Palavras-chave em português
Prática mental
Reabilitação
Realidade aumentada
Resumo em português
Acidentes vasculares encefálicos têm causado a incapacidade física em adultos e até mesmo em crianças, em todo o mundo. As deficiências motoras provocadas por essa patologia se caracterizam por paralisia ou fraqueza no lado do corpo oposto ao da lesão, gerando déficits no movimento do membro superior e na marcha. A reabilitação desempenha um papel importante no sentido de corrigir ou diminuir as deficiências motoras e aumentar a independência funcional dos pacientes. Nesta pesquisa, é proposto e implementado o NeuroR, um sistema de realidade aumentada que permite investigar se a percepção visual da movimentação de um braço virtual tridimensional, sobreposto à imagem do paciente e conectado ao ombro substituindo o braço real lesado, pode afetar positivamente a reabilitação motora deste membro comprometido. Relatos clínicos têm mostrado que a percepção visua de conectividade com o corpo pode reduzir a sensação de dor e de desconforto em amputações, o que norteou a adoção deste requisito para o sistema. Para avaliar a aplicabilidade do NeuroR foram realizados testes com pacientes, conduzidos por fisioterapeutas neurofuncionais. Nas intervenções, o fisioterapeuta estimula a prática mental de forma que o paciente realize a tarefa solicitada no ambiente de realidade aumentada, onde ele visualiza a si mesmo e o cenário real ao seu redor, como em um espelho. Também foi realizada a prática física, sendo esta disparada por sinais eletromiográficos captados de um músculo do braço parético do paciente. O sistema foi utilizado durante quatro sessões, por quatro pacientes de ambos os sexos, com lesões no hemisfério esquerdo ou direito, com hemiplegia há mais de um ano.

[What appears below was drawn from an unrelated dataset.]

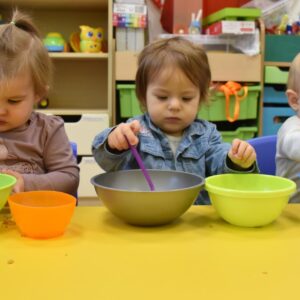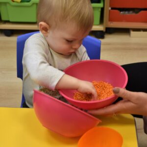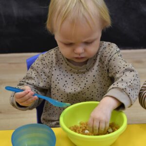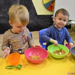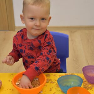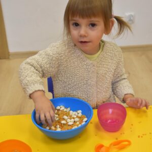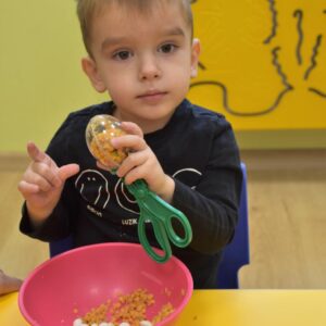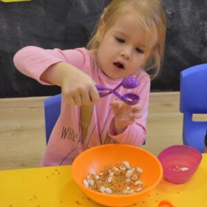 Na dzisiejszych zajeciach metodą Montessori Amisiaki przekładały ugotowaną ciecierzycę za pomocą szczypcy- młodsze dzieci za pomocą łyżek😀. Obserwowały również różnice pomiędzy wyglądem, oraz odgłosem gotowanej a surowej ciecierzycy. Doświadczyły również wrażeń sensorycznych poprzez ugniatanie, oraz segregacje. 😀

O comprometimento motor de cada paciente foi diagnosticado no início do tratamento através da escala Fugl-Meyer. Utilizando o NeuroR, observou-se que para três dos quatro pacientes, ao serem solicitados a imaginar o movimento visualizando sua imagem com o braço virtual, se esforçaram para executar o movimento fisicamente. No pós-teste, todos apresentaram um aumento na escala Fugl-Meyer, no mínimo de 17% e no máximo de 62%.
Título em inglês
NeuroR - stroke patients' upper-limb rehabilitation support system.
Palavras-chave em inglês
Augmented reality
Mental practice
Rehabilitation
Resumo em inglês
Stroke has caused the physical disability in adults and even children in the world. Stroke causes motor impairment characterized by paralysis or weakness on the side of the body opposite the site of injury. They produce deficits in movement of the upper limb and gait. The rehabilitation has an important role to correct or reduce motor impairment and in addition to providing functional independence. This research investigates how the perception of visual connectivity of a virtual arm, drawn from the side the patient's body, can affect the upper limb motor rehabilitation. Furthermore, clinical trials have shown that it can reduce the sensation of pain and discomfort for patients with amputations. Therefore, there is evidence that it leads us to investigate it and analyze it. This paper presents a proposal for a system that provides the visual stimulus of the movement of a virtual three-dimensional arm, which replaces the paralyzed arm in a real image of the patient. In the interventions the physiotherapist induces the mental practice of the patient such as he/she does the assigned task in the augmented reality environment, where he/she can visualize himself and surroundings, just like a mirror. The protocol included also physical practice. It was performed using electromyographic signals of a paretic arm muscle. The system was used by four chronic adults of both genders, who suffering lesions in different regions of the central nervous system. The sample included patients with lesions in the left or right hemisphere, which have upper-limb hemiplegia for over a year. This motor impairment was diagnosed before beginning the treatment through the Fugl-Meyer scale for the upper limb. In the trials, it was observed that for three of four patients, when asked to imagine their own movement by looking at their image with the virtual arm in the screen, they struggled to physically execute the movement. In the posttest, all showed an increase in the scale motor Fugl-Meyer, a minimum of 17% and a maximum of 62%, and also had improvements in the range of motion of the shoulder, as measured by photogrammetry.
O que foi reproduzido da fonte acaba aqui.